Высказался и сам чувствую – круто взял.

– Пойми ты, – продолжал я помягче, – меня, может, не столько сама гармонь интересует, а то, что за ней. Ну скажи, отчего плачут люди? Ты вот когда последний раз плакал? Не помнишь. А отчего целое поколение кричит: «Лучше с ней было!» – и все тут. Не пустые это слова. Или вот про себя. Без гармошки я – кто? А с гармошкой – король! Не поверишь: стою с ней на сцене – и словно бы рота автоматчиков за спиной!

Слова насчет «роты автоматчиков», похоже, произвели впечатление. Силу, судя по всему, мой знакомый уважать привык. Хотя, в общем-то, разговор у нас так и не получился, понять друг друга оказалось сложно.

И только позднее я подумал: а надо ли было так говорить с этим человеком? Разве он один виноват сегодня в том, что не понимает и не хочет понимать того, что дорого народу? Разве не подтолкнуло его к этому то же телевидение? И мы, так называемые фольклористы, – своей неумелой, а подчас отвратительной пропагандой?

Да ладно – фольклористы. Они свое дело делают по крайней мере искренне и с любовью. А вот в ком уж я совсем разочарован, так это в нынешних «делателях массового веселья», со всеми их усилительными устройствами.

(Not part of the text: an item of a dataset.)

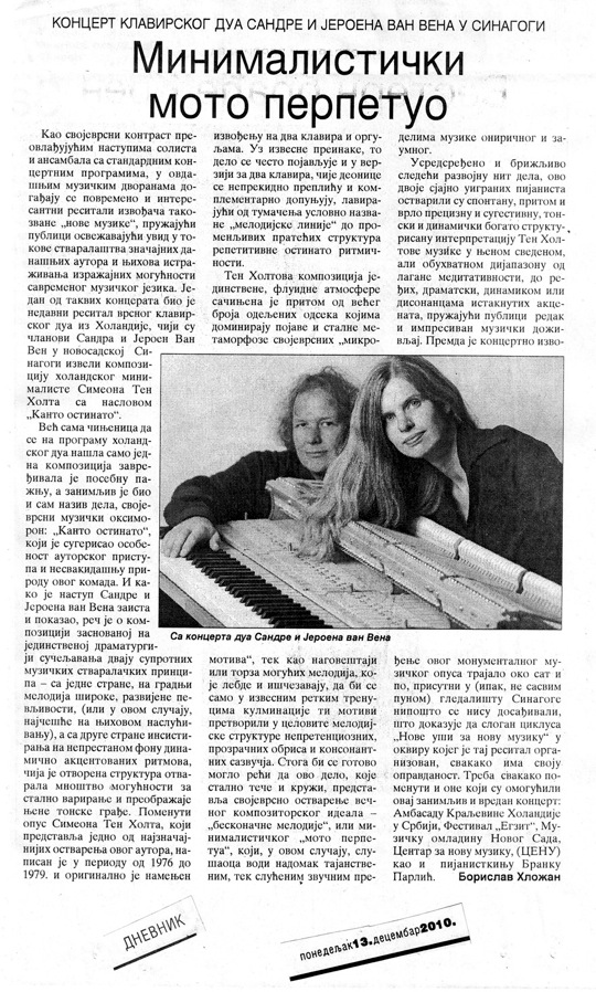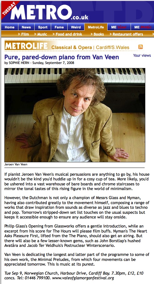 Dutch pianist and composer, Jeroen van Veen, the leading exponent of minimalism in Holland today, Alan Swanson (Fanfare, 2010)

Возьму для примера народные гулянья в дни праздников. Вроде бы не сложно создать людям подходящую обстановку: толково подобрать музыку, пригласить умелых организаторов. Хочет же народ в такие дни петь и танцевать. Ничего особенного и выдумывать-то не надо. Не мешать бы только радости людской – и все будет в порядке.

Как бы не так!

Не первый год наблюдаю это в Новосибирске, на центральной площади имени Ленина, поблизости от которой живу.

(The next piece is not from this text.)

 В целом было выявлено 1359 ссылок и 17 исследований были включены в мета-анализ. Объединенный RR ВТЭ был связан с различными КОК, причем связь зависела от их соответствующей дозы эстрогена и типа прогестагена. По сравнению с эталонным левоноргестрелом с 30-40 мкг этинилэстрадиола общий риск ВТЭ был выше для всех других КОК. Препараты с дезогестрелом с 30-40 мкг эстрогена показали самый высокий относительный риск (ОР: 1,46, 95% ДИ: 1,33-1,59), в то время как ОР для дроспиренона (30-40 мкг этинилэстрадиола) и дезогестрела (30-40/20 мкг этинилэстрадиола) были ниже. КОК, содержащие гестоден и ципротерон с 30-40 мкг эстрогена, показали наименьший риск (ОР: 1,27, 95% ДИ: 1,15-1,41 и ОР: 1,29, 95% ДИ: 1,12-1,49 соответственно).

Как-то вышел с семьей прогуляться праздничным ноябрьским вечером. Народу – море, все ждут салюта. Среди гуляющих нет-нет да и с гармошкой кого-нибудь замечаю. Ну, думаю, действуют «наши».

Приятный дикторский голос торжественно объявляет:

– После салюта приглашаем на конкурс плясунов и частушечников!

Ушам своим не верю. Вот здорово, нашлись же молодцы, кстати придумали!

Смотрю вокруг: народ тоже сияет в предвкушении радости. Чего лучшего желать в праздничный день? Подивимся на озорных ребят — найдутся, поди, среди такой массы. И еще подумалось тогда: вот почему люди так дружно ходят к нам на праздники «Играй, гармонь!» – ведь страсть как охота на отчаянных поглядеть, а может, и себя показать. В крови это у народа.

Отгремел салют. Тот же красивый женский голос (правда, как мне показалось, чуточку бесстрастный – это несколько настораживало) повторил объявление:

Дорогие друзья! Мы проводим конкурс плясунов. Просим желающих подняться на сцену. Лучших ждут призы и сувениры.

С сотнями других людей мы двинулись в сторону сцены.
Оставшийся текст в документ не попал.